May. 28th, 2014

smokingboot: (distaff goddess)
It's not the fame he envisioned for himself, little Elliot Rodger, would-be destroyer of worlds and women. He went out and killed 6 people, injured 13 others, but not before he made a youtube video about his intentions. I watched it, astonished at the boy; not just at his sense of entitlement and painful narcissism, but at his sense of performance. For all the intensity of his feelings, he was playing a part, with his strange little giggles and his finger pointing at the camera. This wasn't just pain, it was fame. The irony is that the women are forgetting him again, ignoring him again, talking about themselves again, talking about other men again. He is quickly becoming some guy who shot people because he couldn't get laid, not exactly the testament of the eternal Alpha Male. The success of the yesallwomen hashtag is leaving Elliot on the sidelines. They aren't thinking about him, they're thinking about the whole thing, the ridiculous and endless war upon women, the stuff we face every day. And it makes me remember my early impressions and ideas about sexual violence.

I remember Dad saying that if a guy tried to rape me, I just had to tell him I was on my period, and the attacker would leave me alone. It was as though once a month I turned into a magical walking skunk with the power to melt my enemies by squirting fetid ass-juice at them. My safety lay in being able to disgust a man. It was less comforting than Dad intended.

Another time the police came to visit students at our halls of residence. Their advice was straightforward. If someone decided to rape us, we should let them; 'Better raped than dead,' was their advice on the subject. But this came with a corollary, told to us that very same night, after the police had left, by one of our number with two brothers in the Met. According to her, her brothers always knew when someone came into the station having been 'really' raped because the victim would be beaten to hell and back, covered in blood and sperm and bruises. 'No man would want to to fuck her,' was the sagacious judgement of these officers of the law. Disgust again, this time not as a shield but a validator in the eyes of men whose first decision on seeing a female rape victim would be to check her attractiveness and use it as a barometer of deceit/exaggeration.

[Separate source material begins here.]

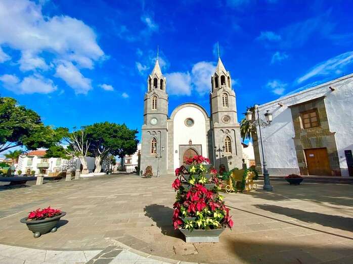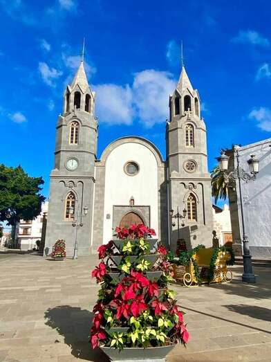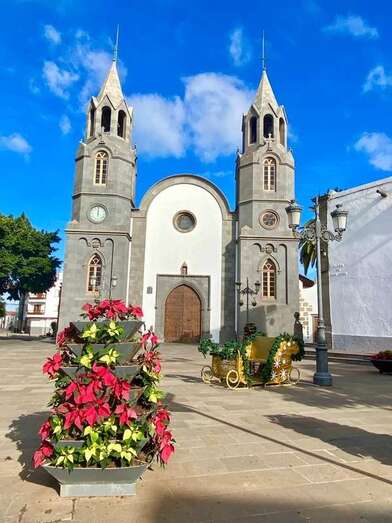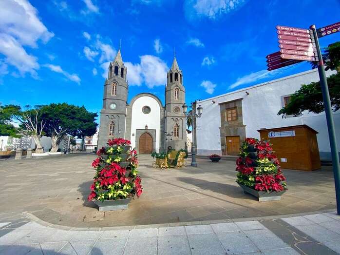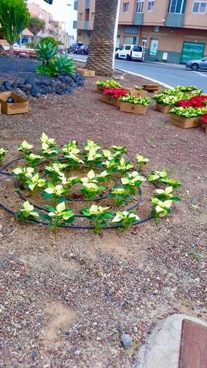 La Concejalía de Parques y Jardines del Ayuntamiento de Telde inaugura la Navidad en la plaza de San Juan y rotondas, con las primeras pascuas que se han colocado en la ciudad.

So here was the problem. If a rapist attacked, it was best to let him have his way in order to survive. But unless he nearly killed his victim, she would not be believed. What was the choice? Do you face death/ultraviolence or the sneer of a society built around hating you? When the time came for me, as for so many women, to face a would-be rapist, I fought and I was very lucky to survive, let alone get out unmolested. Many people, police officers, barristers, counsellors, have asked me why I grabbed the knife as it came towards me and there are many raw, different reasons, but one main one is this: I don't want to live in a world where I have to face death before people believe me.

And that really is all.

A statue

May. 28th, 2014 04:31 pm
smokingboot: (default)
That's how I feel right now, and I have no idea why.

Sometimes time just slips away from me. There are a couple of things I have done today, and I have a lot to do tomorrow. I could do these things now, but I feel slow and strange and a little ill.

I don't know if it is about Elliot Rodger and all that stuff; no,it isn't. It's this creaking feeling I have, just tired and strained. Maybe it's too much rain. Tomorrow I have a booking to make and logistical stuff to carry out, it is nothing much. But it overwhelms me. I am putting it off and I know it. But OK, I write it here to seal the deal. Tomorrow morning I deal with it.

Sometimes, everything seems to take forever. I am not even unhappy. Honestly, perhaps I just need sunshine.

[Edited to add] Wanted sunshine, got sunshine...last year there was a bright yellow rose in the front garden, lopped down by those idiots from Thames Water. Today, I noticed that she is back, bright gold and very sweet scented in the rain. It made me smile.